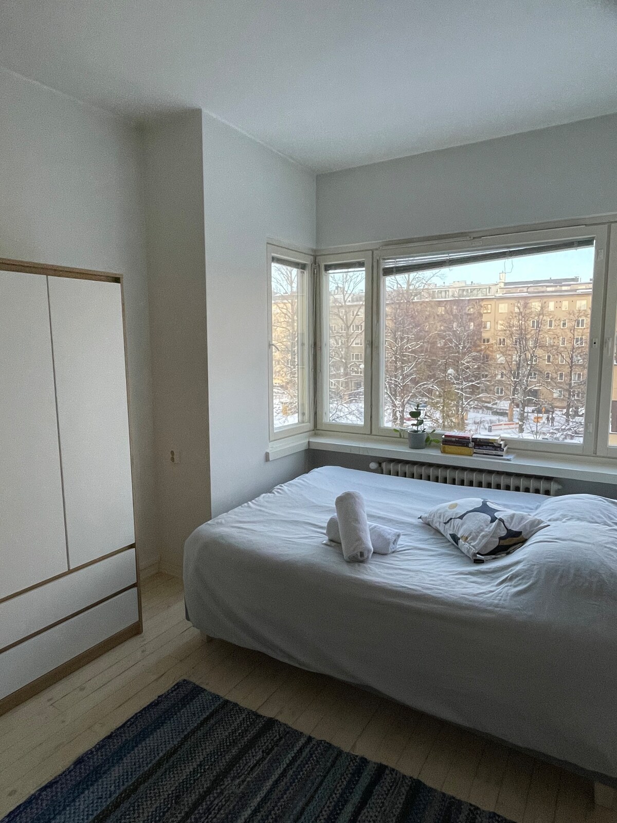 Egy hálószobás lakás erkéllyel, 200 m-re a Pasila állomástól és a kiállítási központtól. Meleg parkolóhely az alagsorban. A szomszédos Tripla bevásárlóközpont átfogó szolgáltatásai. Az ágynemű és a törölközők, valamint a tea/kávé is biztosított. Mosógép a konyhában. Felhívjuk a figyelmedet, hogy 26.04.01-02. hétköznapokon 07-17 óráig csendes felújítási zaj lehet (a ház másik végén, nem ebben a lakásban, még csak nem is ugyanabban az épületben). 26.04.03-04. felújítás van a szomszédos épületben, így a zaj nagyobb. Hétköznapokon vízszünet lehetséges. Hétvégén nincs zajterhelés.
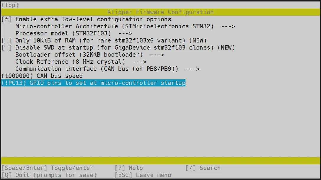 ESC,用于返回上一级菜单 Q键,用于退出Klipper固件配置页面Y键,在退出Klipper固件配置页面时,如果有提示,则点击Y键保存配置文件
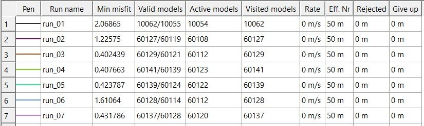 ** Warning ** : probably a missing peak, bad initial samplingI could see that you generated 300 models using Monte-Carlo before starting NA. This is not really useful and only a few is necessary. I'm used to 50 random models to initiate the inversion process.

§ Problem
I would like the material repeated in full and exactly, with its images omitted.

§ Reply
 Egy hálószobás lakás erkéllyel, 200 m-re a Pasila állomástól és a kiállítási központtól. Meleg parkolóhely az alagsorban. A szomszédos Tripla bevásárlóközpont átfogó szolgáltatásai. Az ágynemű és a törölközők, valamint a tea/kávé is biztosított. Mosógép a konyhában. Felhívjuk a figyelmedet, hogy 26.04.01-02. hétköznapokon 07-17 óráig csendes felújítási zaj lehet (a ház másik végén, nem ebben a lakásban, még csak nem is ugyanabban az épületben). 26.04.03-04. felújítás van a szomszédos épületben, így a zaj nagyobb. Hétköznapokon vízszünet lehetséges. Hétvégén nincs zajterhelés.
 ESC,用于返回上一级菜单 Q键,用于退出Klipper固件配置页面Y键,在退出Klipper固件配置页面时,如果有提示,则点击Y键保存配置文件
 ** Warning ** : probably a missing peak, bad initial samplingI could see that you generated 300 models using Monte-Carlo before starting NA. This is not really useful and only a few is necessary. I'm used to 50 random models to initiate the inversion process.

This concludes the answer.